**The problem**: Copy verbatim the span of lines beginning at the line that contains "写っているのは、満面の笑顔が" and ending with the final line of the data. Exclude pictures from the copy.
===== Data excerpt
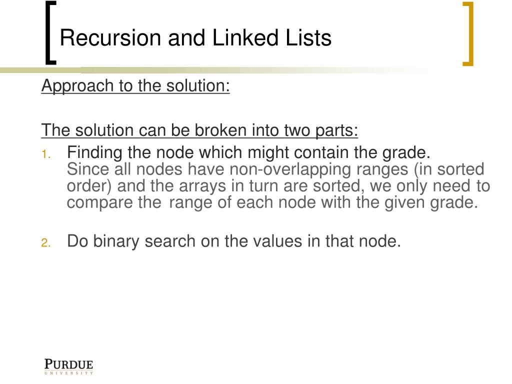 Recursion and Linked Lists Approach to the solution: The solution can be broken into two parts: • Finding the node which might contain the grade.Since all nodes have non-overlapping ranges (in sorted order) and the arrays in turn are sorted, we only need to compare the range of each node with the given grade. • Do binary search on the values in that node.
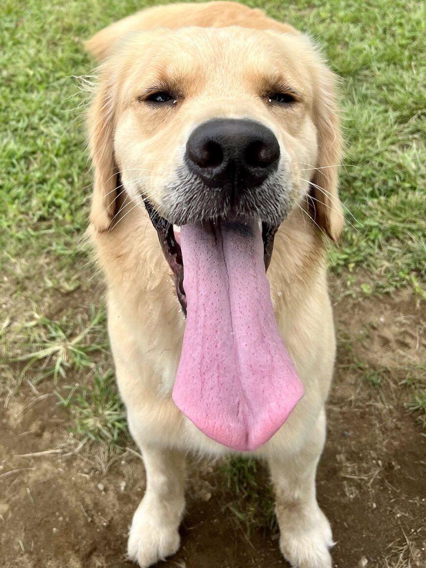 写っているのは、満面の笑顔がかわいらしい、ゴールデンレトリバーのぷぅちゃんです。
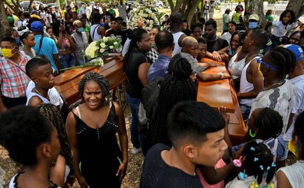 El jueves, las familias de las víctimas organizaron un funeral que primero fue interrumpido por médicos forenses y luego por una granada que detonó en una estación de policía muy cerca de la zona, dejando seis heridos.
==========
**Answer to the problem**:
 写っているのは、満面の笑顔がかわいらしい、ゴールデンレトリバーのぷぅちゃんです。
 El jueves, las familias de las víctimas organizaron un funeral que primero fue interrumpido por médicos forenses y luego por una granada que detonó en una estación de policía muy cerca de la zona, dejando seis heridos.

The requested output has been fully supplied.